Repository with the source code used on our final project of the Machine Learning Applications course where we implemented an extensive exploratory, semantic, and predictive analysis with Python of a textual dataset compiled of several thousand reddit posts from a ser of multiple selected subreddits.
Universidad Carlos III de Madrid. May, 2021
- Simón E. Sánchez Viloria
- Enrique Botía Barbera
- Andres Ruíz Calvo
- David Méndez Encinas
This project contains the following notebooks that explain the exploratory and scientific analysis made on this project:
-
reddit_data_acquisition.ipynb
: Notebook used to scrap and export several thousand posts from Reddit in order to build the dataset used in this project.
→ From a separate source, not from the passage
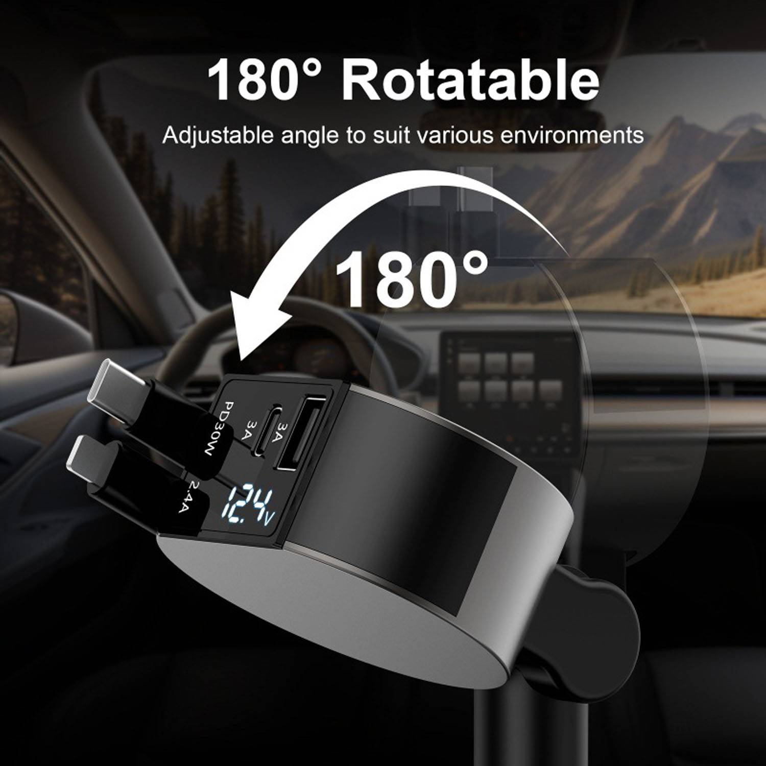 This retractable car charger features a compact, space-saving design compatible with 98% of small vehicles. Equipped with four ports—USB-C, Lightning, USB-A, and USBC—it charges up to four devices simultaneously. The Type-C delivers 30W fast charging, while the Lightning port supports PD18W. A 180 degrees adjustable plug ensures easy access in any vehicle. Made from durable ABS, it’s ideal for daily drives, business trips, and family travel. Safe, reliable, and convenient on the road.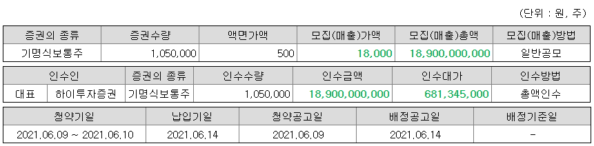 하이투자증권에서 청약이 진행된다고 합니다. 모집총액은 189억입니다. 공모가가 확정되었는데 18,000원입니다. 희망공모가 최상단이네요. 수량은 105만주 입니다.

We relied on Python's Reddit API WrapperPRAW
to build the dataset. -
task_1_reddit_topic_modeling_and_graph.ipynb
: Where we used exploratory and NLP techniques to to process the textual information obtained from the dataset acquired, vectorize it and do topic modeling with it. -
task_2_subreddit_classification.ipynb
: Notebook used to train, evaluate, and compare the models used to predict the subreddit where a post comes from given only its semantic representation. Performance with both LDA and TFIDF representations are compared among each other.
├── LICENSE
│
├── README.md <- The top-level README for developers using this project.
│
├── notebooks <- Jupyter notebooks that can be used to reproduce the analysis made in this project.
│
├── references <- Project statement and explanatory materials.
│
├── reports <- Contains a report summarizing and documenting our analysis and conclusions.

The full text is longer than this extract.